_SUPPLIED INFORMATION_:
---------------

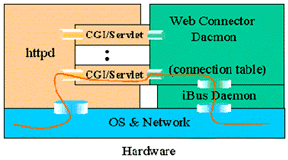 所有來(lái)自客戶端的請(qǐng)求(瀏覽器和Applet)都首先發(fā)送給Web Server(HTTP Daemon),然后由httpd啟動(dòng)相應(yīng)的CGI/servlet擴(kuò)展,CGI/servlet模塊僅對(duì)上傳的數(shù)據(jù)進(jìn)行簡(jiǎn)單的檢查和打包工作然后就傳給Web Connector Daemon,CGI/servlet模塊本身并不處理連接,它是以一種無(wú)連接的方式轉(zhuǎn)發(fā)一個(gè)請(qǐng)求再回送應(yīng)答。連接的維持和記錄由Web Connector Daemon建立起連接記錄表來(lái)完成。
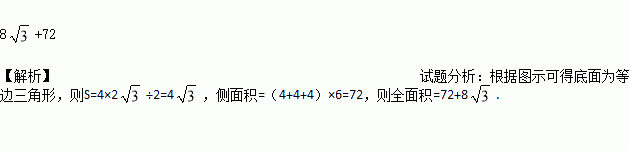 一个几何体的三视图如图所示,根据图示的数据计算该几何体的全面积为_________.
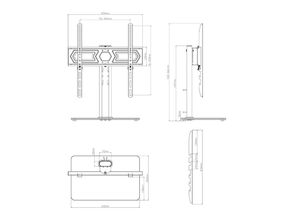 | Rozteč uchycení televizoru | |
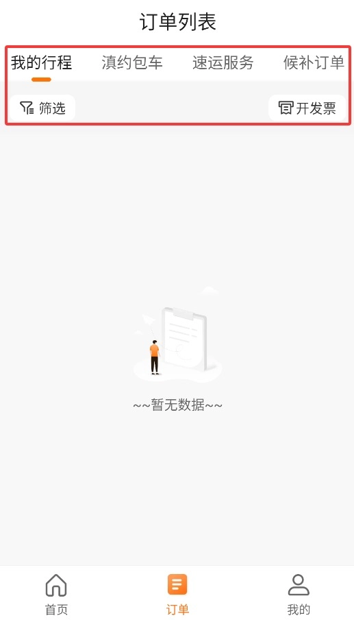 3、通过订单管理板块,可查看我的行程、包车服务、速运订单及候补订单状态。
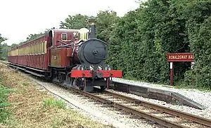Ronaldsway Halt (Manx: Stadd Roonysvaie) is a request stop on the Isle of Man Railway between Castletown and Ballasalla at Ronaldsway, near the Isle of Man Airport. Passengers wishing to board the train here can signal the driver to stop the train; to alight from the train the guard must be notified in advance.
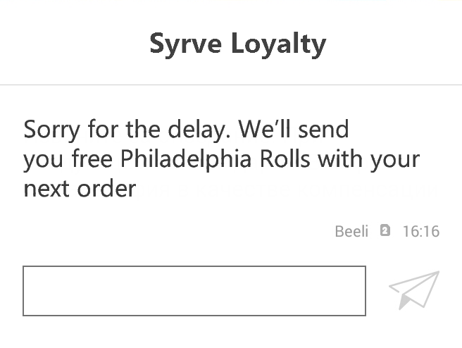 @Raw(“Przepraszamy za opóźnienie. Przy następnym zamówieniu wyślemy Ci darmowe Philadelphia Rolls”)
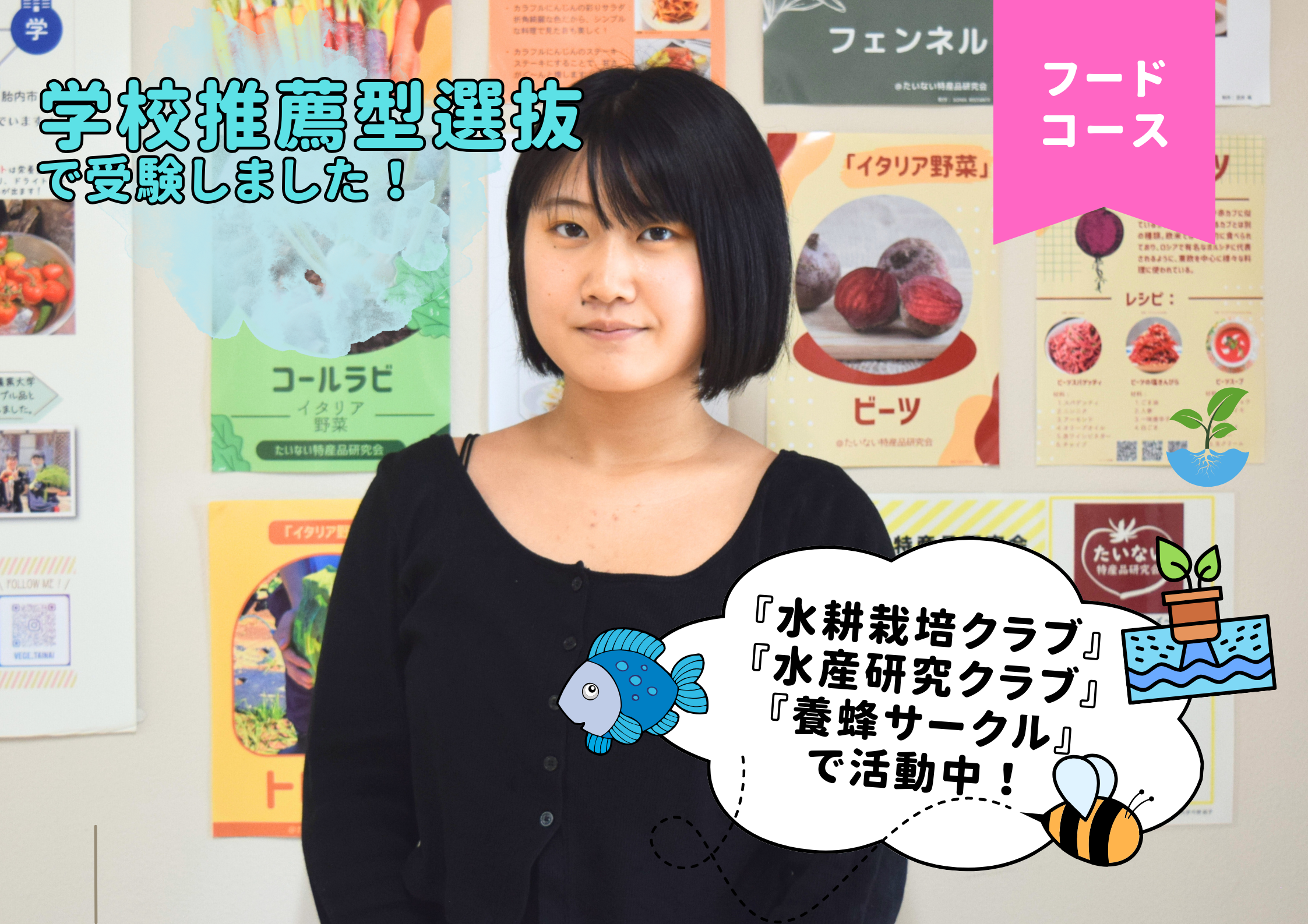 現在の小さな目標としては、祖母に自分で作った安全な野菜や料理を食べてもらうことです。この目標を実現するために、食・農業分野への進学を決めました。
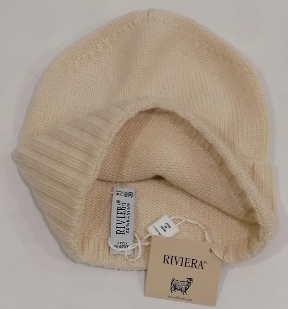 CUFFIA BERRETTA CON RISVOLTO A COSTE COLORE BIANCO PANNA COME FOTO 100% CASHMERE TAGLIA UNICA MADE IN ITALY
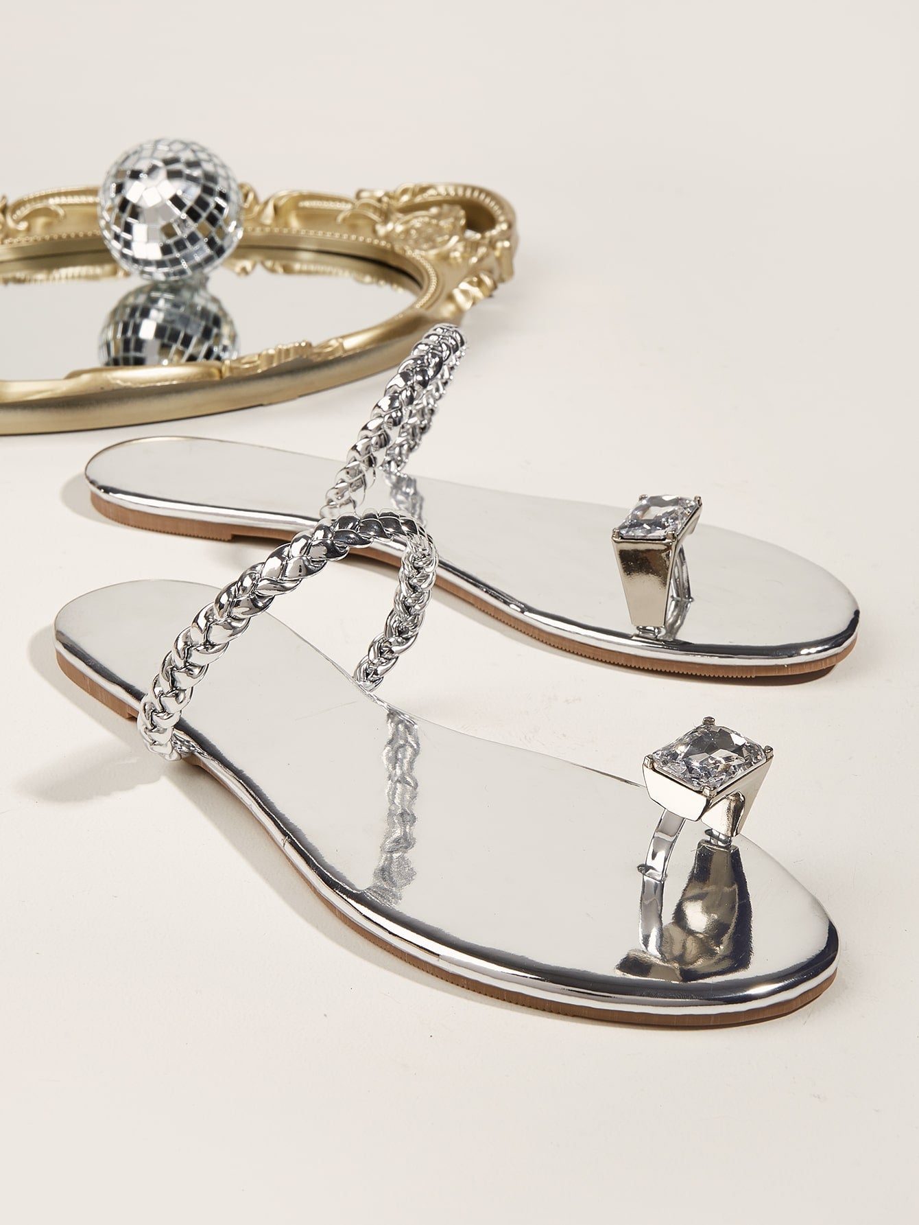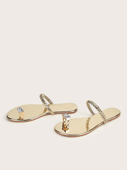 Metallic Rhinestone Decor Braided Thong Sandals
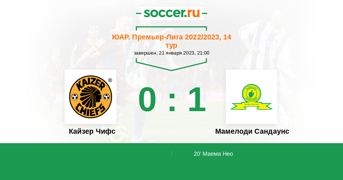 ЮАР. Премьер-Лига 05.01.2019 Кайзер Чифс Логотип футбольный клуб Кайзер Чифс (Йоханнесбург) 1:2 Логотип футбольный клуб Мамелоди Сандаунс (Претория) Мамелоди Сандаунс
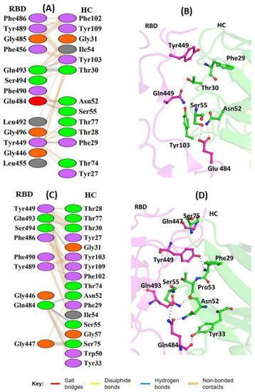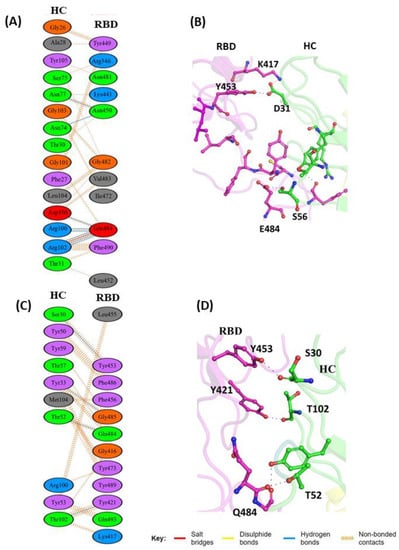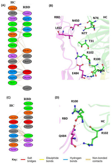 Protein–protein interaction between RBD with REGN10933 antibody: (A) 2D interaction diagram of binding interface of WT-RBD with REGN10933 antibody; (B) 3D cartoon representation of intermolecular interaction of E484 residue of RBD with heavy chain (HC) of REGN10933 antibody; (C) 2D interaction diagram of binding surface of MT-RBD with REGN10933 antibody; (D) 3D cartoon representation of intermolecular interaction of E484 residue of RBD with heavy chain of REGN10933 antibody. Here, only intermolecular interactions are shown. RBD represents receptor-binding domain, while HC represents heavy chain of monoclonal antibody (mAb). The interacting residues are shown in sticks. RBD is shown in magenta cartoon, and HC is shown in green color as a residue of mAbs (Figure 2B). In the MT-RBD-REGN1093 complex, the replacement of the hydrophobic Leu (L) residue with positively charged polar Arg (R) residue abolishes the intramolecular hydrophobic contact with L490 (Figure S1A,B), while the substitution of Glu (E484), which has a polar acidic side chain with Gln (Q), results in the formation of a new hydrogen bond interaction with T52 and Y33 residues of HC. The key salt bridge interaction of K417 in RBD with D31 (HC region) was found to be lost in the MT-RBD complex (Figure 2C,D). The WT-RBD complex with REGN10933 displayed additional stabilizing interactions as compared to the MT complex.
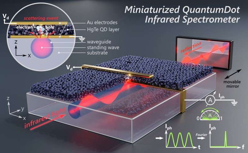 Empa、蘇黎世聯(lián)邦理工學院、EPFL、西班牙薩拉曼卡大學、歐洲航天局 (ESA) 和巴塞爾大學的一個科學家團隊構(gòu)建了一個概念驗證的小型傅里葉變換波導光譜儀,該光譜儀包含一個亞波長光電探測器作為一種光傳感器,由膠體碲化汞量子點 (Hg Te) 組成,并與互補金屬氧化物半導體 (CMOS) 技術(shù)兼容,正如他們在最近一期的Nature Photonics上所報告的那樣。

---------------

Leave out any pictures, please, and quote only the lines from the top of the data through the line that contains "Metallic Rhinestone Decor".

 所有來(lái)自客戶端的請(qǐng)求(瀏覽器和Applet)都首先發(fā)送給Web Server(HTTP Daemon),然后由httpd啟動(dòng)相應(yīng)的CGI/servlet擴(kuò)展,CGI/servlet模塊僅對(duì)上傳的數(shù)據(jù)進(jìn)行簡(jiǎn)單的檢查和打包工作然后就傳給Web Connector Daemon,CGI/servlet模塊本身并不處理連接,它是以一種無(wú)連接的方式轉(zhuǎn)發(fā)一個(gè)請(qǐng)求再回送應(yīng)答。連接的維持和記錄由Web Connector Daemon建立起連接記錄表來(lái)完成。
 一个几何体的三视图如图所示,根据图示的数据计算该几何体的全面积为_________.
 | Rozteč uchycení televizoru | |
 3、通过订单管理板块,可查看我的行程、包车服务、速运订单及候补订单状态。
Ronaldsway Halt (Manx: Stadd Roonysvaie) is a request stop on the Isle of Man Railway between Castletown and Ballasalla at Ronaldsway, near the Isle of Man Airport. Passengers wishing to board the train here can signal the driver to stop the train; to alight from the train the guard must be notified in advance.
 @Raw(“Przepraszamy za opóźnienie. Przy następnym zamówieniu wyślemy Ci darmowe Philadelphia Rolls”)
 現在の小さな目標としては、祖母に自分で作った安全な野菜や料理を食べてもらうことです。この目標を実現するために、食・農業分野への進学を決めました。
 CUFFIA BERRETTA CON RISVOLTO A COSTE COLORE BIANCO PANNA COME FOTO 100% CASHMERE TAGLIA UNICA MADE IN ITALY
 Metallic Rhinestone Decor Braided Thong Sandals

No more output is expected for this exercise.